If they move to Las Vegas, the Oakland Athletics will play in a minor league stadium, which was unheard of a few years ago.
A prominent professional team recently made a similar transfer while waiting for the new venue. After moving from San Diego to Los Angeles, the NFL’s Chargers played in an MLS stadium, and the NHL’s Arizona Coyotes played in a collegiate arena while awaiting a new structure.
A’s president Dave Kaval wants to commence ground next year and move into a new Las Vegas stadium for the 2027 season. Bally’s and Gaming & Leisure Properties have agreed to create a $1.5 billion park on the Tropicana hotel site on the Las Vegas Strip. The Nevada Legislature may vote this week on the A’s request for roughly $400 million in public support.The A’s lease at Oakland Coliseum expires in 2024, and they may play 2025 and 2026 at Las Vegas Ballpark, home of their Triple-A affiliate, the Aviators.
Las Vegas Ballpark, 53 years younger than the Coliseum, has been named Ballpark Digest’s finest Triple-A stadium three years in a run (excluding 2020’s COVID-19 pandemic). It seats 10,000. The A’s Strip stadium would seat 30,000.
Oakland is the only team with fewer than 10,000 fans per game. The A’s may move sooner than 2025 if another lame-duck season in Oakland doesn’t improve those figures.
“Any time you’re a short-timer like this, that final season is going to be terrible no matter what it is, so most teams try to move as quickly as they can,” said sports economist Victor Matheson, a professor at College of the Holy Cross in Worcester, Massachusetts. “Once they say, ‘Hey, we’re going,’ you know you’ll lose it in your local market.”
In 2005, the Montreal Expos became the Washington Nationals. With a stripped-down lineup that won only 67 games, their Montreal and San Juan home games averaged 9,356 people.
Other teams have played in lesser venues while waiting for a new stadium.
The Chargers played three seasons in the LA Galaxy’s 30,000-seat stadium after leaving San Diego in 2017. Construction delays at SoFi Stadium in Inglewood caused the Chargers to stay an extra year.
They played before crowds applauding the opposition team for three years after leaving San Diego’s hostile fan base for an area that was at best apathetic to the Chargers. The Chargers play second at SoFi to the Rams, who returned from St. Louis in 2016.
Unlike the Chargers, the Rams played at the University of Southern California’s spacious but aging Los Angeles Memorial Coliseum, which was better for football.
The Coyotes played their inaugural season at Arizona State University’s 5,025-seat Mullett Arena, which is perfect for collegiate hockey but not NHL hockey. After a lease renewal failed, the Coyotes will play there for two more seasons.

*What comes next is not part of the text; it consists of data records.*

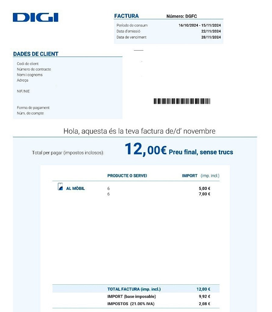 Factura en català de DIGI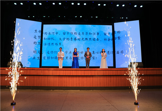 时光匆匆,大学时光转瞬即逝。晚会前,院长赵敏娟代表学院致辞,她寄语同学们踏入社会之后要做诚信、积极的人。她表示,学院的心永远与毕业生联系在一起,学院的大门永远为毕业生敞开,随时欢迎毕业生“回家”,同学们在告别母校时应珍惜师生情、校友情,感激父母以及所有支持并帮助过他们的人。同时,她谈到毕业生在离开学校、走向新的人生征程时,要正确处理好求学、就业和创业的关系,脚踏实地走好每一步,毕业生离开青葱的大学校园,踏上逐渐展开的漫漫人生路,是旧履历的结束,也是新历程的开始。她鼓励同学们抹去不舍的泪水,承载着自己的希望与梦想,向充满未知的精彩未来出发。随后,院党委书记姚晓霞宣读了对优秀毕业生代表、就业先进集体等荣誉称号的表彰决定,以弘扬他们的优秀品质并鼓励低年级学子向他们学习。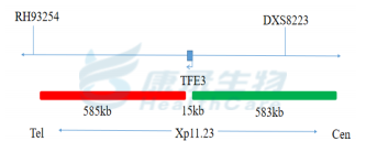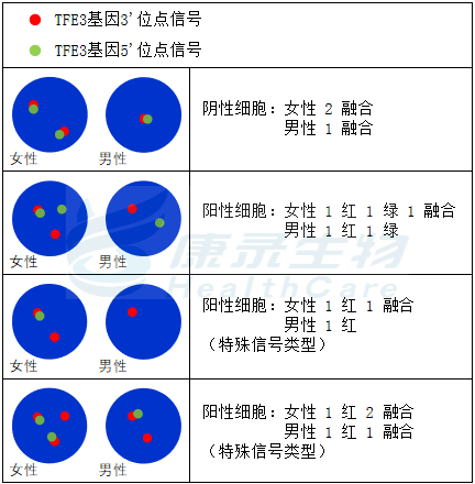 TFE3基因3’端标记为橘红色; TFE3基因5’端标记为绿色。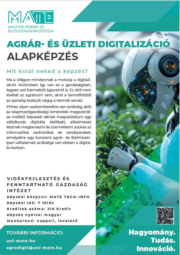 Új képzés a MATE VFGI portfoliójában az Agrár- és Üzleti digitalizáció alapképzés.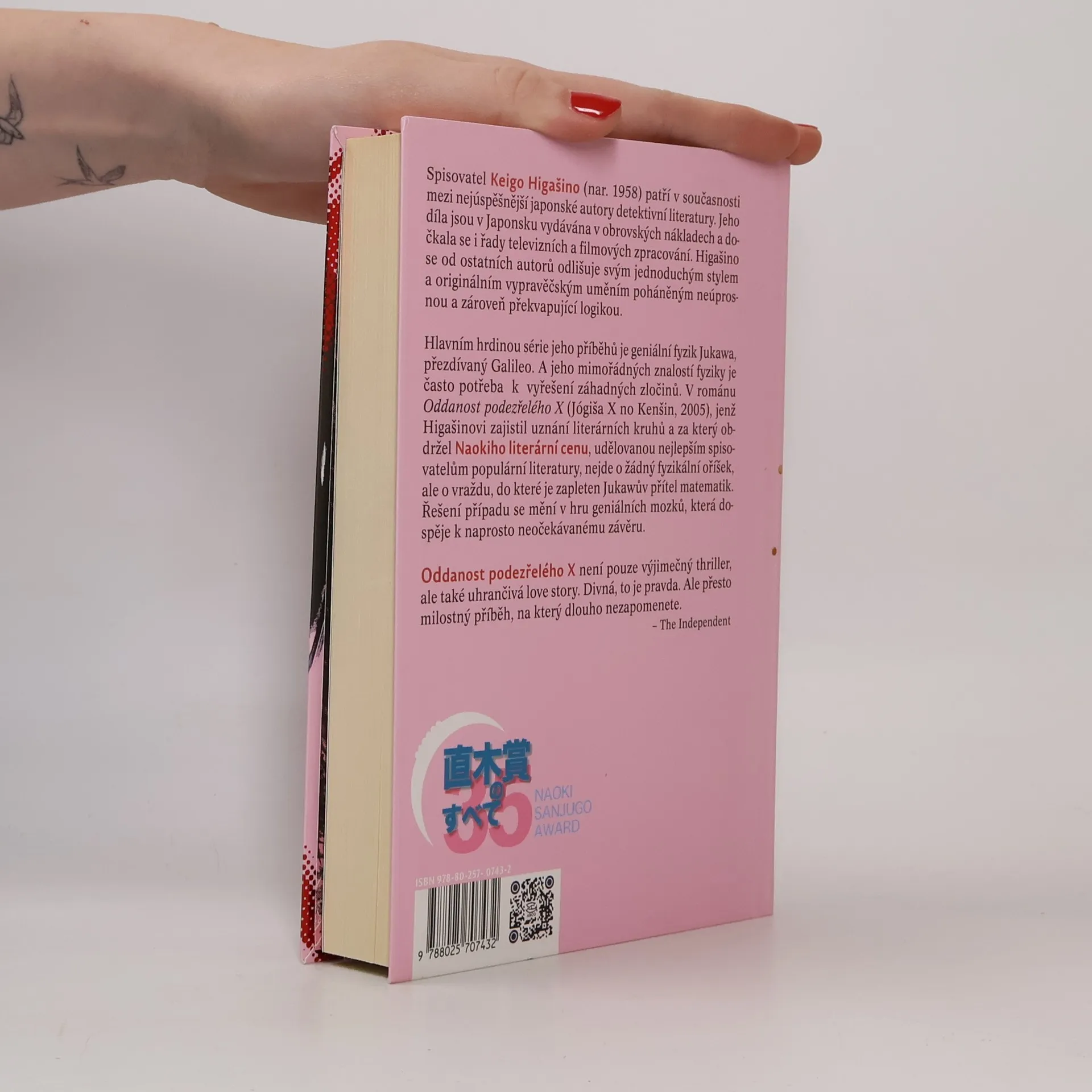 Román Oddanost podezřelého X prozaika Keiga Higašina vypráví příběh Jasuko, která v sebeobraně zavraždila svého bývalého manžela. Všechny stopy se jí snaží pomoci zahladit soused Tecuja Išigami, geniální matematik, jenž je do ní bezmezně zamilován. K vyšetřování zločinu je však přizván profesor Manabu Jukawa, Išigamiho přítel ze studií. Jukawa, známý též pod přezdívkou Galileo, postupně odkrývá pravdu, a to navzdory přerušenému vyšetřování ze strany policie. Román získal několik japonských literárních cen včetně prestižní Naokiho ceny pro spisovatele populární literatury. MEDAILONEK SPISOVATELE: Keigo Higašino (nar. 1958) patří v současnosti k nejčtenějším japonským spisovatelům. Proslavil se hlavně příběhy žánru "mystery", v nichž se často dotýká i společenské problematiky. Původně pracoval jako technik ve firmě Denso, avšak po úspěchu svého prvního románu Po škole (Hókago, 1985) se začal ve svých 27 letech naplno věnovat tvůrčímu psaní. Mezi jeho neznámější romány patří díla Tajemství (Himicu, 1998), Bílá noc (Bjakujakó, 1999) nebo Oddanost podezřelého X (Jógiša X no kenšin, 2005), za který Higašino získal významnou Naokiho cenu, udělovanou spisovatelům populární literatury. Za svá díla obdržel i mnohá jiná ocenění a důkazem jeho oblíbenosti je rovněž fakt, že většina jeho románů a povídek se dočkala filmového nebo televizního zpracování.

Unlike the Chargers, the Coyotes may not build a new arena. Tempe voters rejected a $2.3 billion entertainment district including a Coyotes arena this week.
The Chargers and Coyotes share a temporary move to venues significantly below league standards. The A’s might try that, thinking Las Vegas fans will support them even without a big league ballpark.
“For the most part, this is a little unusual of not having the facilities,” said University of Nebraska sports history professor Scott Stempson. “I haven’t heard of Vegas residents clamoring for A’s.”
When the NFL’s Oilers left Houston in 1997, Memphis was the same. The Oilers committed to two years at Memphis’ Liberty Bowl while Nashville’s stadium was completed.
One issue: Nashville and Memphis share only a state. Memphis residents weren’t going to cheer on a team that would become Nashville’s, and Music City residents weren’t eager to make the six-hour round-trip travel eight times a year.
The Oilers went to Vanderbilt Stadium early one season after low attendance. The Oilers became the Titans the next season, played in front of sold-out crowds in their new stadium, and lost the Super Bowl by a yard.
That may help the A’s. The long-term plan is most important as they play in Oakland in front of diminishing crowds and consider playing in a minor league park for two years.
It could be bumpy before they arrive.
“They have totally destroyed that (Oakland) fan base,” Matheson added. “When you finally say, ‘OK, we’re done with you people,’ what do we expect ‘you people’ to do?”